• **Task directions**:
Look through the records below for the word "حسین". Report how many lines have it, and only that number.

• **Records for the task**:
--- START ---

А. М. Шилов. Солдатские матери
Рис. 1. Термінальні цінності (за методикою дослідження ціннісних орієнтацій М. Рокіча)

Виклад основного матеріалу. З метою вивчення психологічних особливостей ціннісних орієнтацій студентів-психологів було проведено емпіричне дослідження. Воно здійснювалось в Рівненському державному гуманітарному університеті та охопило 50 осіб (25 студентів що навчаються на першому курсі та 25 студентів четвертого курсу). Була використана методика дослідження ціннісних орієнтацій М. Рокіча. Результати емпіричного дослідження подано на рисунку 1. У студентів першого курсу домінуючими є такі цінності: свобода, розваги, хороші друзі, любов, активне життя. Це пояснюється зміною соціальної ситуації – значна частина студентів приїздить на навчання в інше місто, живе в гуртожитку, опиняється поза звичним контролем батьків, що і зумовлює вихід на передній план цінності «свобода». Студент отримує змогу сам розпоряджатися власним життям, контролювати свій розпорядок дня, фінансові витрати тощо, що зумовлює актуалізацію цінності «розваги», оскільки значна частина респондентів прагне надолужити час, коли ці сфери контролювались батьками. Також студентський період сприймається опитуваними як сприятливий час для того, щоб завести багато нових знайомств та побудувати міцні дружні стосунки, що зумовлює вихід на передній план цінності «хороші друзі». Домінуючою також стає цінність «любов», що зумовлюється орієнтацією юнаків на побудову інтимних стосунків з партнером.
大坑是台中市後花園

--- END ---
--- START ---

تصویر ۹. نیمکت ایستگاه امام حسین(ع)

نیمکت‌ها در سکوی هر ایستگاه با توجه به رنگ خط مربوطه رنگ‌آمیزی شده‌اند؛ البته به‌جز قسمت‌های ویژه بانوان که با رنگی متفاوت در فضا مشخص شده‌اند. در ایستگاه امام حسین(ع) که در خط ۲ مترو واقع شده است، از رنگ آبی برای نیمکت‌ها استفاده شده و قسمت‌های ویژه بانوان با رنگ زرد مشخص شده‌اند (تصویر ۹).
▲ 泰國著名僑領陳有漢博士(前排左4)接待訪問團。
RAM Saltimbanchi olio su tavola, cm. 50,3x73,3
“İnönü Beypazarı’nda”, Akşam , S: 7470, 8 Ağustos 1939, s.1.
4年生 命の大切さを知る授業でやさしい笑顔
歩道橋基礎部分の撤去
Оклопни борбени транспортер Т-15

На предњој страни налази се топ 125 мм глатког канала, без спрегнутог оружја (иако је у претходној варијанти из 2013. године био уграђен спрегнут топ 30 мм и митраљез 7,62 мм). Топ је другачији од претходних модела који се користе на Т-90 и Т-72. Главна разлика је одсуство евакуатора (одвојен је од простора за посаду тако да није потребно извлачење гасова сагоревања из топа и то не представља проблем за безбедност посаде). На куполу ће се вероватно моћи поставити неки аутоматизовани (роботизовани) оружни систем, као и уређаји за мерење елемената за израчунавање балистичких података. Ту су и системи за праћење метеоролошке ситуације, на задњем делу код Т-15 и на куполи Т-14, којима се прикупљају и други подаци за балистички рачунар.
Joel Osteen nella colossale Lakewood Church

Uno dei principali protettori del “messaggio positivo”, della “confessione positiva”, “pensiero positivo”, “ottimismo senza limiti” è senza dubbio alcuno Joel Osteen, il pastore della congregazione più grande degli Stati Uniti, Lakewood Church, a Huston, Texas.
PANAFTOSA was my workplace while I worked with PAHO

--- END ---
--- START ---

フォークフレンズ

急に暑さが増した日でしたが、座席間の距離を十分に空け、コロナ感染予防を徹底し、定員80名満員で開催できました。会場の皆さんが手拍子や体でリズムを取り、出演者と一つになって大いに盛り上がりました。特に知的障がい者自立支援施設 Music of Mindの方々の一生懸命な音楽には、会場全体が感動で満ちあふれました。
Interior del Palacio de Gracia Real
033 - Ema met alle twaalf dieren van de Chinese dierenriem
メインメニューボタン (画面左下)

--- END ---

• **Answer below**:
2